PALS (GERONA)


El primer turista que anduvo por estas costas fue el pirata Barbarroja, allá por el siglo XV, aunque más que a disfrutarlas vino a saquearlas, y sólo los pueblos del interior se libraron del asalto. La segunda oleada de turistas, esta vez más pacíficos, llegó a mediados del siglo XX y la ha ido llenando de hoteles y construcciones. El afortunado nombre de Brava que recibe esta costa gerundense le fue dado precisamente en las playas de Aiguablava por un periodista, en los primeros años del siglo XX, al contemplar los acantilados.

Hacia el interior todo parece más tranquilo, seguramente porque abundan los bosques cuyos árboles ocultan los edificios. Ya desde lejos, con los redondos haces de paja en primer término, se divisa la medieval ciudad de Pals, coronada por el castillo y su torre de las Horas. Todos estos fértiles campos eran terrenos pantanosos y marismas que dieron nombre a la ciudad medieval: palus (terreno pantanoso), porque antiguamente estaba rodeado de marismas, hoy ya desecadas. El centro histórico, declarado conjunto histórico-artístico en 1973, es conocido como Pedró ( el pedró es la antigua cruz de término). Conserva algunos tramos de las murallas y se alza en la parte de arriba de la colina. El conjunto ha sido restaurado con bastante acierto y las calles han recuperado su aspecto medieval. Por los alrededores se pueden ver antiguas masías de los siglos XVI y XVII, casi todas ellas fortificadas y perfectamente rehabilitadas.

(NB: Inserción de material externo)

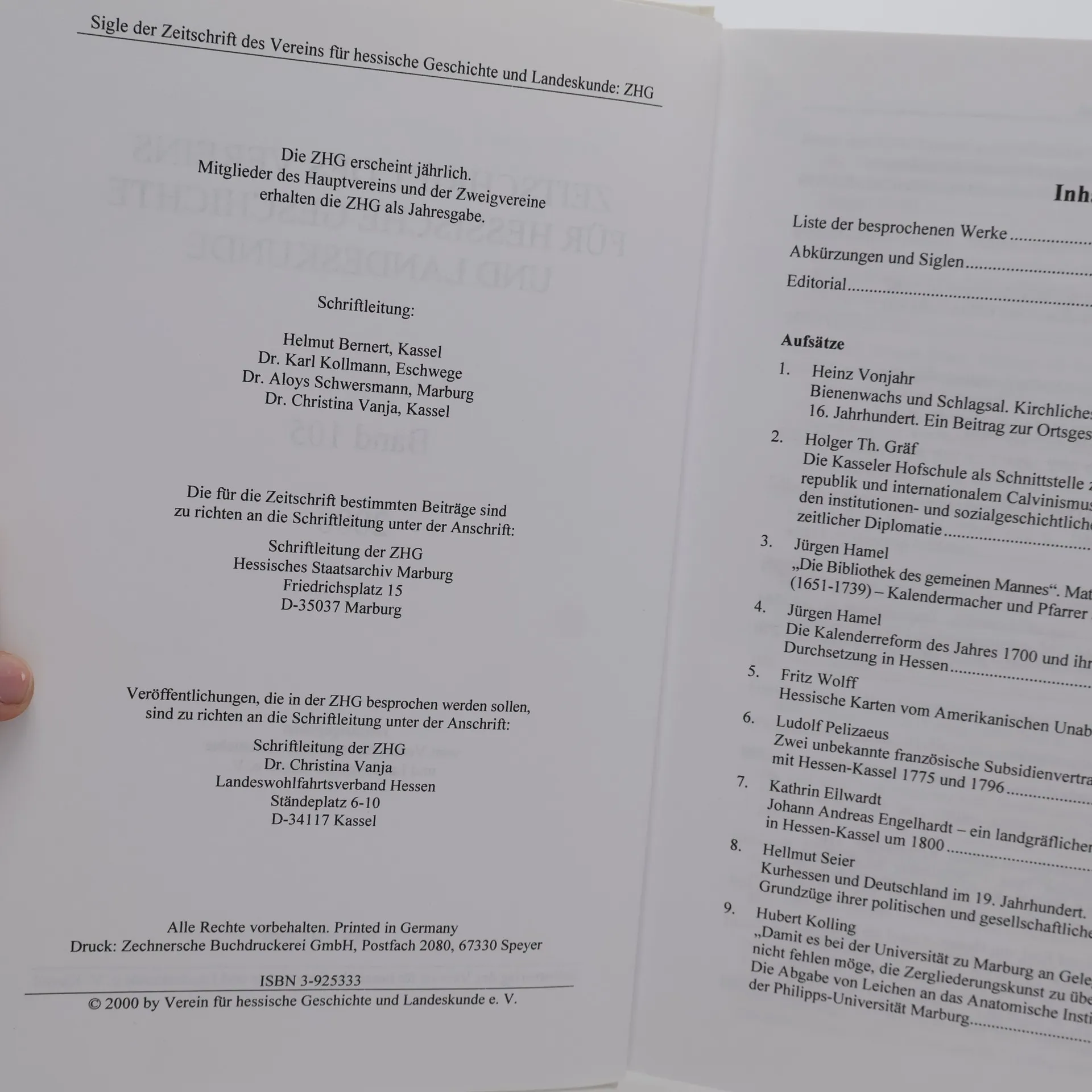 Zeitschrift des Vereins für hessische Geschichte und Landeskunde. Band 105, 2000, Autorenkollektiv

Apenas a dos kilómetros de Pals, en la misma carretera, se encuentra una especie de parque, donde vive un artesano ya jubilado, Antonio Macià Casany, que lo ha llenado todo de esculturas de ladrillo y piedra. Además de sus obras, lo que más llama la atención es ver como el hijo da de comer a las ocas y a los peces, que se disputan el alimento en su mano. El municipio de Pals llega hasta el mar, con una playa de fina arena llena de apartamentos y urbanizaciones. En ella se levanta la enorme antena de Radio Liberty, desde donde se emitía a los llamados países del Este. Apenas a seis kilómetros queda Begur, también antigua población fortificada, con cinco torres y las ruinas de su castillo roquero, así como numerosas casas antiguas de principios del siglo XX y extensas playas.


Población : 1.675 habitantes.

Accesos : a 38 kilómetros de Gerona. Por la C-255, y a la altura de Torrent, una desviación de 5 kilómetros conduce hasta Pals.

Alojamiento : Barris. Tfono. 63 67 02, Can Basalis. Tfono. 63 60 35, Can Pereni. Tfono. 63 61 16 y Can Rubén. Tfono. 63 69 97; en la playa, La Costa. Tfono. 66 77 40, Sa Punta. Tfono. 66 77 40 y apartotel Golf Beach. Tfono. 63 60 63.

Gastronomía : suquet de pescado, langosta y gairones (erizos de mar). Cal Alfred, Astarot, Can Bonet, Sa Gatonera y El Pedró.

La mejor vista : desde lo alto del Pedró o desde las afueras de la población.

Visitas : conjunto medieval, formado por murallas, castillo y torre de las Horas; iglesia gótica de Sant Pere, cruz de término, Casa de la Vila (Ayuntamiento) y la Ca la Pruna ( CAsa de Cultura) que alberga un museo de arqueología submarina; en las cercanías, masias Roig, Molì de Pals y Puig.